DATA EXTRACTS
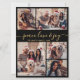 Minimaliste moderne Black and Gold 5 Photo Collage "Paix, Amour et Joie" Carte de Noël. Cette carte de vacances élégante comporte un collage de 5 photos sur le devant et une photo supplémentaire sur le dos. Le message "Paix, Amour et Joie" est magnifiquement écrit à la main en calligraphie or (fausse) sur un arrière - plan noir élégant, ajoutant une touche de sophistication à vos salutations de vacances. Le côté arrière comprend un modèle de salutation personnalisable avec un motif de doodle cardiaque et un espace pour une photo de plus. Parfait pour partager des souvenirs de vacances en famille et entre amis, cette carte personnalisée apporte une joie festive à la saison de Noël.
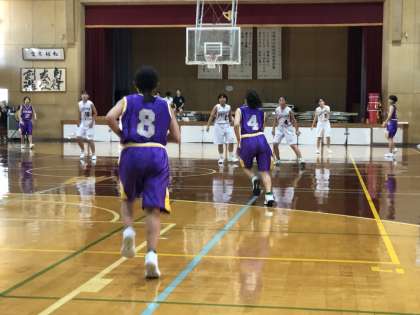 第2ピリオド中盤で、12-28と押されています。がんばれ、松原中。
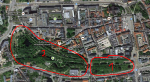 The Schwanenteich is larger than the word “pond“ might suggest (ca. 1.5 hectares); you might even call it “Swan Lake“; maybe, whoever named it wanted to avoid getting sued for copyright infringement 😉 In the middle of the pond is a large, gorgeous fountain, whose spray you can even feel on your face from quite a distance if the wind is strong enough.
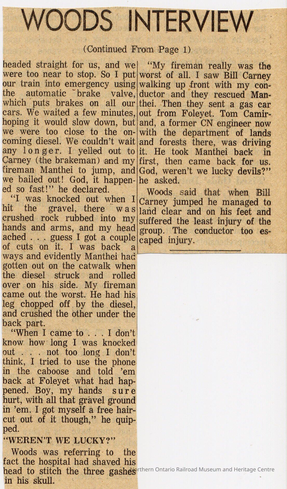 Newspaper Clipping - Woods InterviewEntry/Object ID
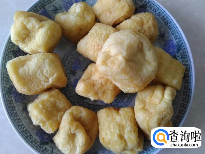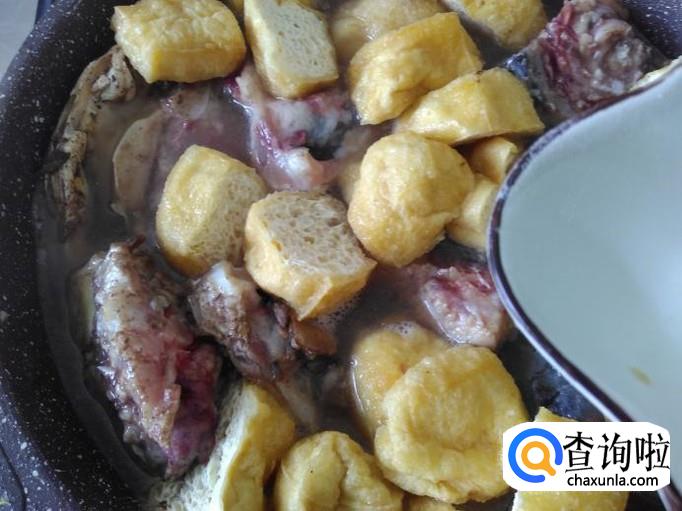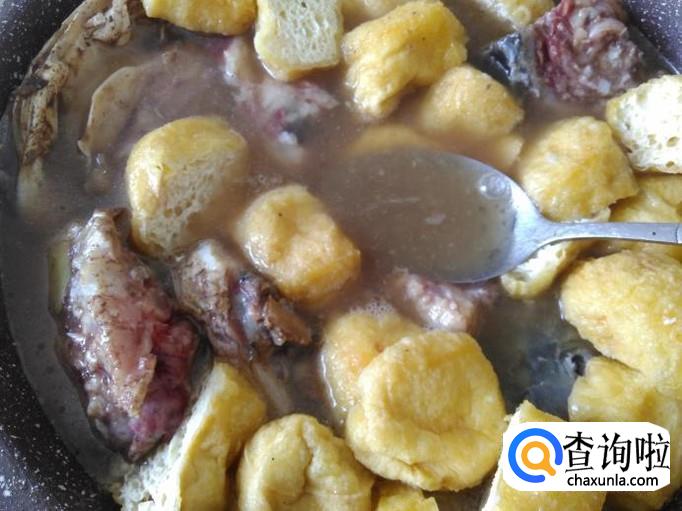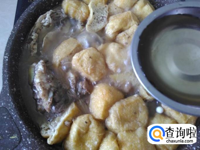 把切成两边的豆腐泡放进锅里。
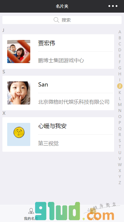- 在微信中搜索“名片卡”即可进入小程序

==

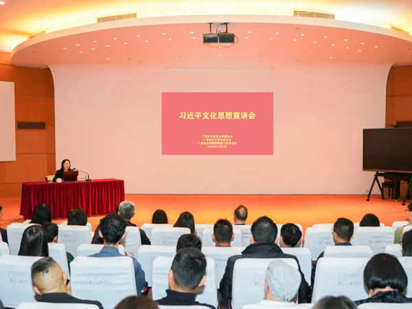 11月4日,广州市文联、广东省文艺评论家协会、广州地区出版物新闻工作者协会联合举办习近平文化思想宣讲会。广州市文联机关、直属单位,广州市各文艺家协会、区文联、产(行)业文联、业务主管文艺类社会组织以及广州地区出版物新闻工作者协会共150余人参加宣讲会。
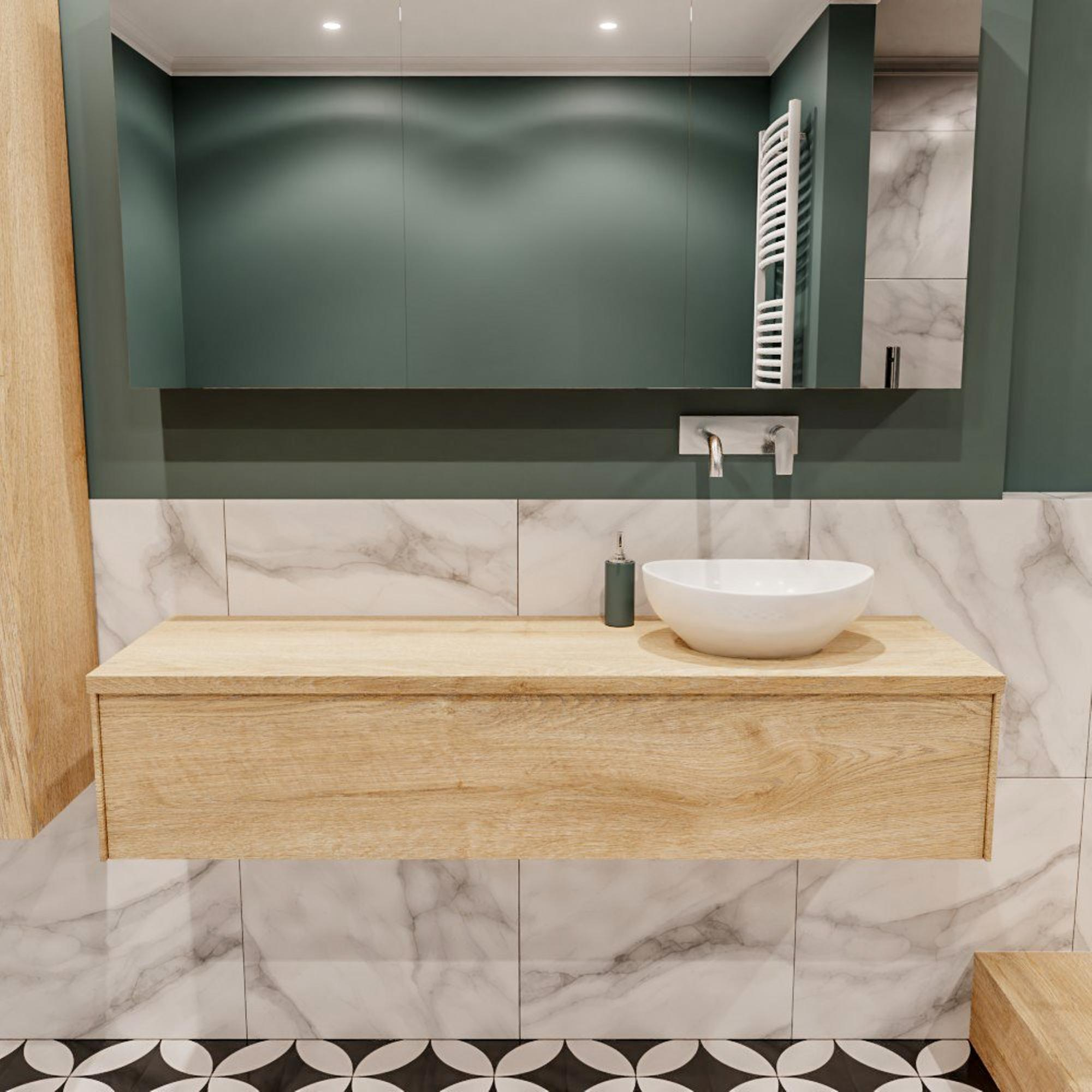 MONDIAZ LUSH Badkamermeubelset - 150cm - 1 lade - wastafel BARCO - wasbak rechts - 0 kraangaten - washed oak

* * *

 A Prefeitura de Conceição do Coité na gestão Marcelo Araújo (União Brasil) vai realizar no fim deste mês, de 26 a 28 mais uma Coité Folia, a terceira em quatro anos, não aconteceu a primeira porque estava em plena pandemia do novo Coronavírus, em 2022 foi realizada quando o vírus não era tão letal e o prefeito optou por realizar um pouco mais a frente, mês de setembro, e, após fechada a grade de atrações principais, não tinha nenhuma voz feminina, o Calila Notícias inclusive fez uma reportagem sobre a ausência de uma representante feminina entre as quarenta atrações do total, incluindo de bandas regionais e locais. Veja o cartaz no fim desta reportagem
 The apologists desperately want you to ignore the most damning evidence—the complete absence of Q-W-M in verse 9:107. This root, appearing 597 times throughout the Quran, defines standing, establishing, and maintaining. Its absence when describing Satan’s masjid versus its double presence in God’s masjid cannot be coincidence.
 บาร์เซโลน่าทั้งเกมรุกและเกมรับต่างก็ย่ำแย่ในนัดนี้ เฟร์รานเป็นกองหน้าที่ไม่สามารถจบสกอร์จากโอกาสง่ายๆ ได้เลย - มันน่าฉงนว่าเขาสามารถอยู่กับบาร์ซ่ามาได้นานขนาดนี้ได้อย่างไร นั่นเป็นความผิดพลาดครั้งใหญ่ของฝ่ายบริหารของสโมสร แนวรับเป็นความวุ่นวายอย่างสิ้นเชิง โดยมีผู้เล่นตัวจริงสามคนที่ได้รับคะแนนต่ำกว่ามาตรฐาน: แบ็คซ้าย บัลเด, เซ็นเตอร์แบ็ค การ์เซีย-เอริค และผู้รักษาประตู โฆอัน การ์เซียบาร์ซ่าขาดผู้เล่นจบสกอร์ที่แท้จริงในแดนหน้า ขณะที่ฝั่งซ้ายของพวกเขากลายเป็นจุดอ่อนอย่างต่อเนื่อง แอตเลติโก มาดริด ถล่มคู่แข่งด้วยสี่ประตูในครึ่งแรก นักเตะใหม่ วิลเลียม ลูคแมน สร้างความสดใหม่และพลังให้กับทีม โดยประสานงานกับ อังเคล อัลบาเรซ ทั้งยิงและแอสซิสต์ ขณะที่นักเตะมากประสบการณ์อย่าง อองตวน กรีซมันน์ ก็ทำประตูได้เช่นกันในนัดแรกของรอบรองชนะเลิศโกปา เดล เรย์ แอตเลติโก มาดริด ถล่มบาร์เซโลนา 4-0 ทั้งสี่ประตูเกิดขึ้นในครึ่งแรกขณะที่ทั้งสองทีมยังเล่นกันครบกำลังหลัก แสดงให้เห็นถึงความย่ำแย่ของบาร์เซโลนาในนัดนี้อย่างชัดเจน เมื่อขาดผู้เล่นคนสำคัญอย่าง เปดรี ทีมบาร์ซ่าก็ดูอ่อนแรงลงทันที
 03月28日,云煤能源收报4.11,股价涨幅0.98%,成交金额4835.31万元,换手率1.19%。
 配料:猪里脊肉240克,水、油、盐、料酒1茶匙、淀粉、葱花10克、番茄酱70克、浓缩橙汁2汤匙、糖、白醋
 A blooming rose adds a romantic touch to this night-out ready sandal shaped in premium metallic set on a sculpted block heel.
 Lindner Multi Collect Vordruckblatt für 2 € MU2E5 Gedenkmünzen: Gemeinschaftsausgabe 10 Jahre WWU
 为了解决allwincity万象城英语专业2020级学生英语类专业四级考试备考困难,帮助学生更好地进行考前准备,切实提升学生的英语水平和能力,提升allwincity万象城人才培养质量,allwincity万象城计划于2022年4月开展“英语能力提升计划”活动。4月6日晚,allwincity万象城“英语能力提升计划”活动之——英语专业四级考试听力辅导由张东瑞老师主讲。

TASK INSTRUCTIONS
Given the records above, return exactly the lines starting at the line containing "Lindner Multi Collect" and ending at the line containing "为了解决allwincity", including both.

EXERCISE ANSWER
 Lindner Multi Collect Vordruckblatt für 2 € MU2E5 Gedenkmünzen: Gemeinschaftsausgabe 10 Jahre WWU
 为了解决allwincity万象城英语专业2020级学生英语类专业四级考试备考困难,帮助学生更好地进行考前准备,切实提升学生的英语水平和能力,提升allwincity万象城人才培养质量,allwincity万象城计划于2022年4月开展“英语能力提升计划”活动。4月6日晚,allwincity万象城“英语能力提升计划”活动之——英语专业四级考试听力辅导由张东瑞老师主讲。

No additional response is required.